Robbie Williams’ first single was not by accident a cover of George Michael’s “Freedom”, quickly setting out his career aspirations (Boybanders can be people too!) and his general musical area (like this except, y’know, with attitude).

But after the initial rush of singles (“Let me Entertain You”, “South of the Border”, “Old Before I Die”) which are and will remain forever Robbie, he (or Robbie Williams / Guy Chambers / Robbie Williams, or whatever) wrote “Angels”, people started talking about him as a Serious Songwriter, and he thought “Yeah. Yeah, that’s sounds nice”. Which means songs that speak to everyone, songs from everyone, songs without as much Robbie in them.

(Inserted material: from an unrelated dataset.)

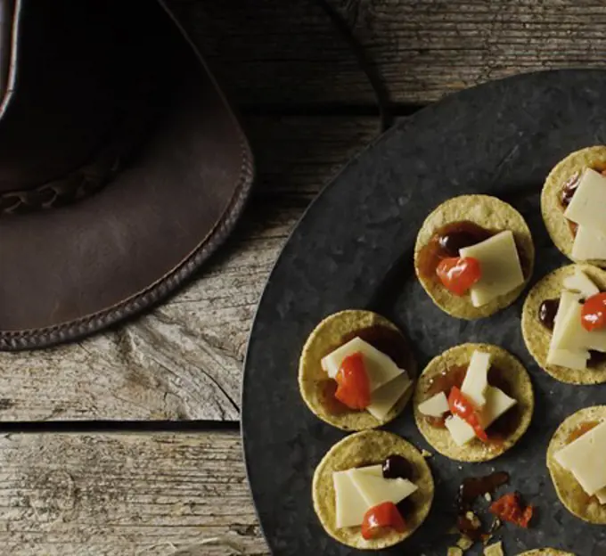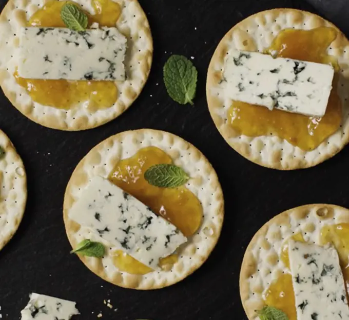 Den Käse für ca. eine halbe Stunde bei Raumtemperatur stehen lassen. Den Käse in kleine Stücke schneiden und zusammen mit dem Bresola auf die Cracker legen. Mit den frischen Brombeeren garnieren.

And so a bunch of big ballads, none living up to “Angels”, with a brief stab to prove that he still has it (“Rock DJ”) which worryingly suggests that he doesn’t. And the fame starts to slip, and he might well be looking with some envy at Gregg Alexander, whose New Radicals released one fantastic personality-free single before he retired to write songs for everyone else.

And now this single, which parples along until you realise it’s basically the Beautiful South, and the video, which shows a nationwide contest to find a Robbie impersonator to appear in the video for the single, but the video is of the contest, DYS? Birds, blokes, chorus lines, anyone can be Robbie Williams. Inevitably, most of them look more interested and interesting in the job than him.

What to make of Respiro?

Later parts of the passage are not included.